Extracted records:
---
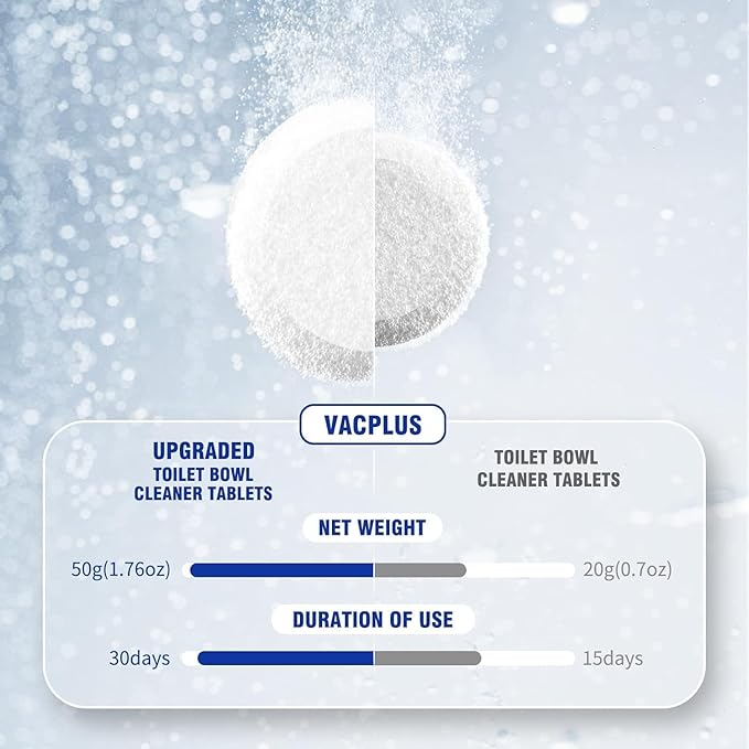 - LASTINGLY CLEAN: With an upgraded capacity of 50g each, a Vacplus toilet cleaner with bleach continuously cleans the toilet for up to 30 days. With 24 packs for replacement use, Vacplus toilet tablets can keep the toilet bowl fresh for more than 24 months.
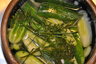 - Place dill and onion on the bottom of your crock, add the cukes and another stem of dill on top. Pour liquid over the top.
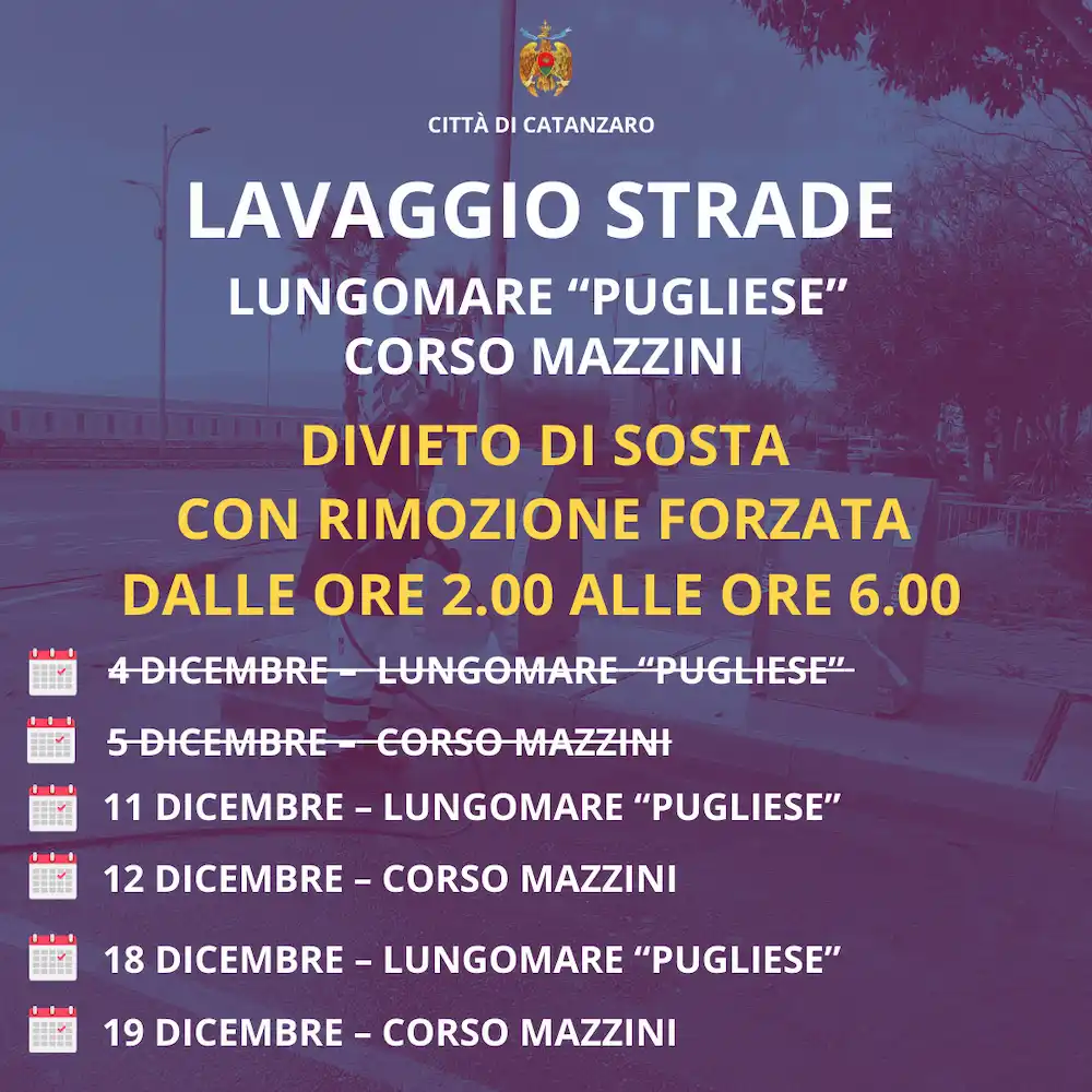 Il Comune di Catanzaro ricorda che già da una settimana è stato dato avvio ad una serie di interventi di lavaggio delle strade, che interesseranno Corso Mazzini, i vicoli limitrofi raggiungibili e il lungomare Stefano Pugliese. Gli interventi, partiti il 4 dicembre 2024 dal lungomare e proseguiti su Corso Mazzini, mirano a garantire una pulizia profonda delle strade, dei marciapiedi e delle superfici urbane, contribuendo al miglioramento del decoro cittadino e continueranno questa notte nuovamente sul lungomare Pugliese.
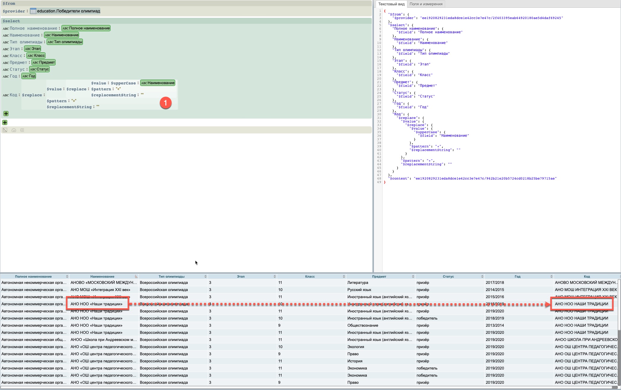 Аналогичные действия проделайте в срезе “Образовательные организации”. В результате в срезе появится новое поле "Код", содержащее данные поля “Наименование”, очищенные от кавычек и переведенные в верхний регистр.
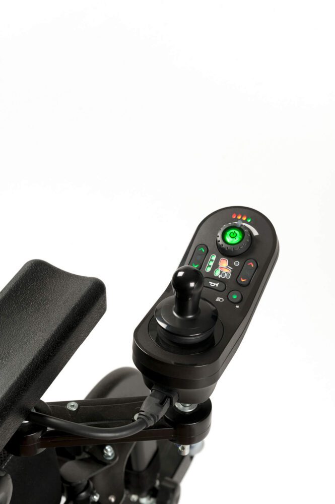 Uchwyt dżojstika również posiada oryginalne rozwiązanie konstrukcyjne i umożliwia odchylanie na zewnątrz i do wewnątrz podłokietnika oraz zapamiętywanie wcześniej ustawionej pozycji neutralnej.
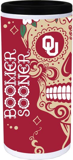Keep your beverage of choice deliciously cold for hours and your Oklahoma Sooners spirits high with this Dia Slim stainless steel can cooler. It features calavera graphics reminiscent of Dia de Los Muertos to provide a unique spin on your Oklahoma Sooners fandom. A sealed rim ensures your favorite beverage stays secure and condensation-free.
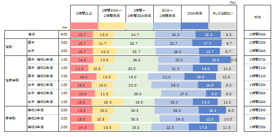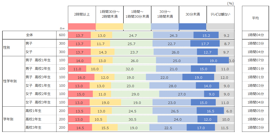 高校生の平日のテレビ視聴時間の全体平均は1時間04分であることが分かった。性学年別では大きな差異が見られないが、2017年度調査の小学生の結果(1時間19分)、2017年度調査の中学生の結果(1時間15分)と比較すると、学年が上がるにしたがって徐々にテレビを観る時間が減っていることが分かる。このことは22時以降の過ごし方にも表れており、2018年度調査の小学生の1位が「テレビ」(51.2%)であるのに対し、高校生は5位(35.6%)となっており、「LINEやメール」「インターネット」などと入れ替わっている。
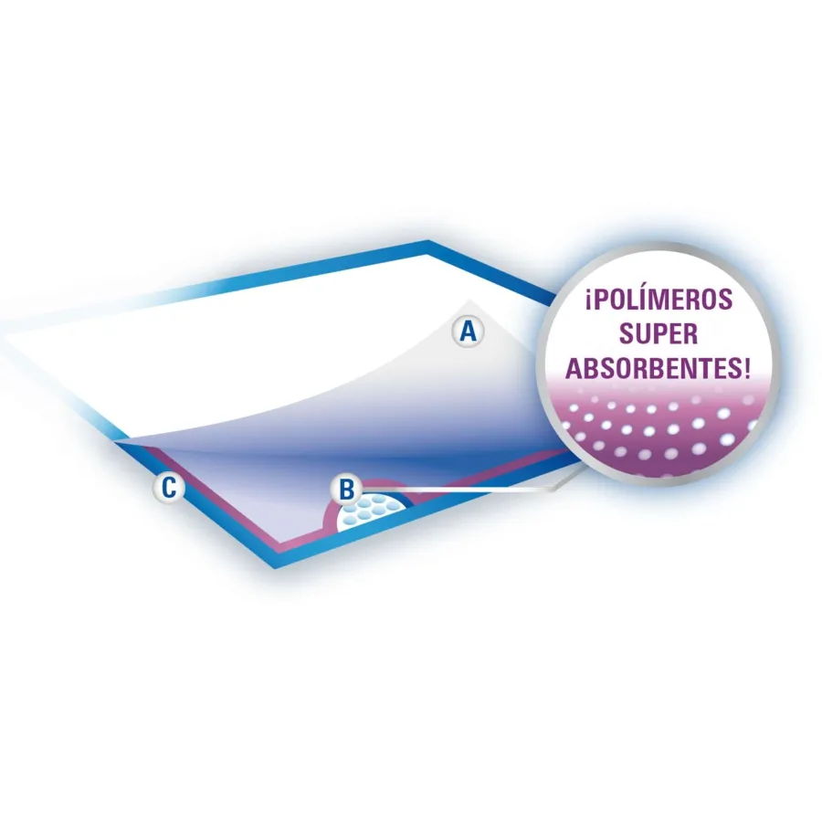Paños de adiestramiento. Fórmula con máxima capacidad de absorción, fabricados con Polímeros Super Absorbentes (SAP) capaces de retener hasta 100 veces su volumen. Protege alfombras, moquetas y pisos con su capa inferior plástica impermeable. Fácil adiestramiento para perros y cachorros que permanezcan en casa.
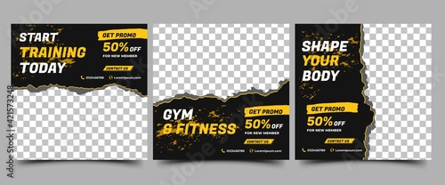 Wall mural social media post template design set for gym and fitness. black background with abstract yellow sha
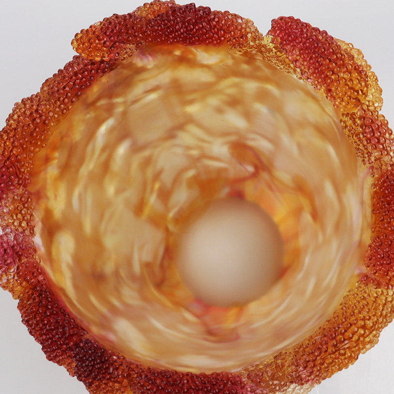 Per ceram iacturam amissam, pigmenta fuse et temperaturis calidis permeant, gradus a divisione mechanica liberantes. Halos electri ubi aurum et rubicundum conveniunt serendipitae sunt collisiones inter elementa aeris et vulvam vitream intra mille gradus fornacem — solem inaequalem plane imitantes nuditatem quae germanam suam texturam praebet. Hoc « chaos moderatum » artificium artificiale infundit vigore naturali — multum simile sorghum quod ventum et pluviam sustinet, apricis in sole, ac demum suos colores in aperto campos excolit.
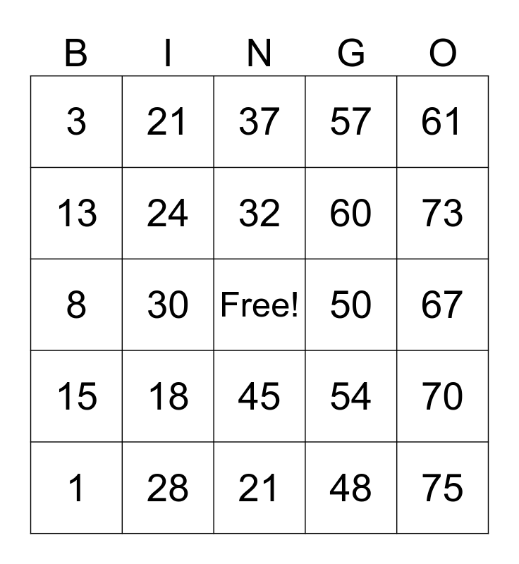 This bingo card has a free space and 24 words: 1, 18, 32, 48, 61, 3, 21, 37, 50, 67, 8, 24, 54, 70, 13, 28, 21, 57, 73, 15, 30, 45, 60 and 75.
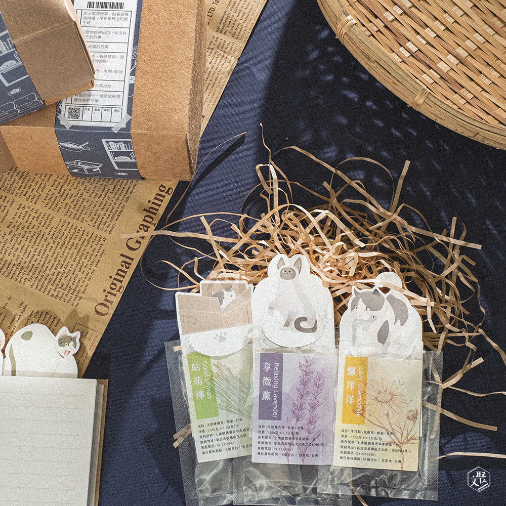 "四種風味,依照每天心情喝口茶手繪貓咪杯緣子書籤伴你優閒放鬆以台灣在地自然農法香草植物製作而成-無農藥、無化肥12款貓咪陪你療心事,度過每個生命的百款日常自用、交換禮物均是最佳選擇環保牛皮紙盒可重複再利用"
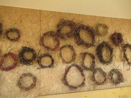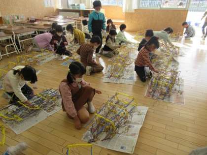 大切に育ててきたあさがおとずっと一緒にいられるようにという願いを込めて、アサガオリースを作り始めました。今日は、支柱からつるをはなし、つるの形を整えながら丸めました。来週からは、飾りをつけていきます。
---
ABOUT THIS EXERCISE: Each line from the start of the entries to the line holding "Paños de adiestramiento." is to be given again exactly, both ends included, and each picture is to be left out.

SOLUTION BELOW:
 - LASTINGLY CLEAN: With an upgraded capacity of 50g each, a Vacplus toilet cleaner with bleach continuously cleans the toilet for up to 30 days. With 24 packs for replacement use, Vacplus toilet tablets can keep the toilet bowl fresh for more than 24 months.
 - Place dill and onion on the bottom of your crock, add the cukes and another stem of dill on top. Pour liquid over the top.
 Il Comune di Catanzaro ricorda che già da una settimana è stato dato avvio ad una serie di interventi di lavaggio delle strade, che interesseranno Corso Mazzini, i vicoli limitrofi raggiungibili e il lungomare Stefano Pugliese. Gli interventi, partiti il 4 dicembre 2024 dal lungomare e proseguiti su Corso Mazzini, mirano a garantire una pulizia profonda delle strade, dei marciapiedi e delle superfici urbane, contribuendo al miglioramento del decoro cittadino e continueranno questa notte nuovamente sul lungomare Pugliese.
 Аналогичные действия проделайте в срезе “Образовательные организации”. В результате в срезе появится новое поле "Код", содержащее данные поля “Наименование”, очищенные от кавычек и переведенные в верхний регистр.
 Uchwyt dżojstika również posiada oryginalne rozwiązanie konstrukcyjne i umożliwia odchylanie na zewnątrz i do wewnątrz podłokietnika oraz zapamiętywanie wcześniej ustawionej pozycji neutralnej.
Keep your beverage of choice deliciously cold for hours and your Oklahoma Sooners spirits high with this Dia Slim stainless steel can cooler. It features calavera graphics reminiscent of Dia de Los Muertos to provide a unique spin on your Oklahoma Sooners fandom. A sealed rim ensures your favorite beverage stays secure and condensation-free.
 高校生の平日のテレビ視聴時間の全体平均は1時間04分であることが分かった。性学年別では大きな差異が見られないが、2017年度調査の小学生の結果(1時間19分)、2017年度調査の中学生の結果(1時間15分)と比較すると、学年が上がるにしたがって徐々にテレビを観る時間が減っていることが分かる。このことは22時以降の過ごし方にも表れており、2018年度調査の小学生の1位が「テレビ」(51.2%)であるのに対し、高校生は5位(35.6%)となっており、「LINEやメール」「インターネット」などと入れ替わっている。
Paños de adiestramiento. Fórmula con máxima capacidad de absorción, fabricados con Polímeros Super Absorbentes (SAP) capaces de retener hasta 100 veces su volumen. Protege alfombras, moquetas y pisos con su capa inferior plástica impermeable. Fácil adiestramiento para perros y cachorros que permanezcan en casa.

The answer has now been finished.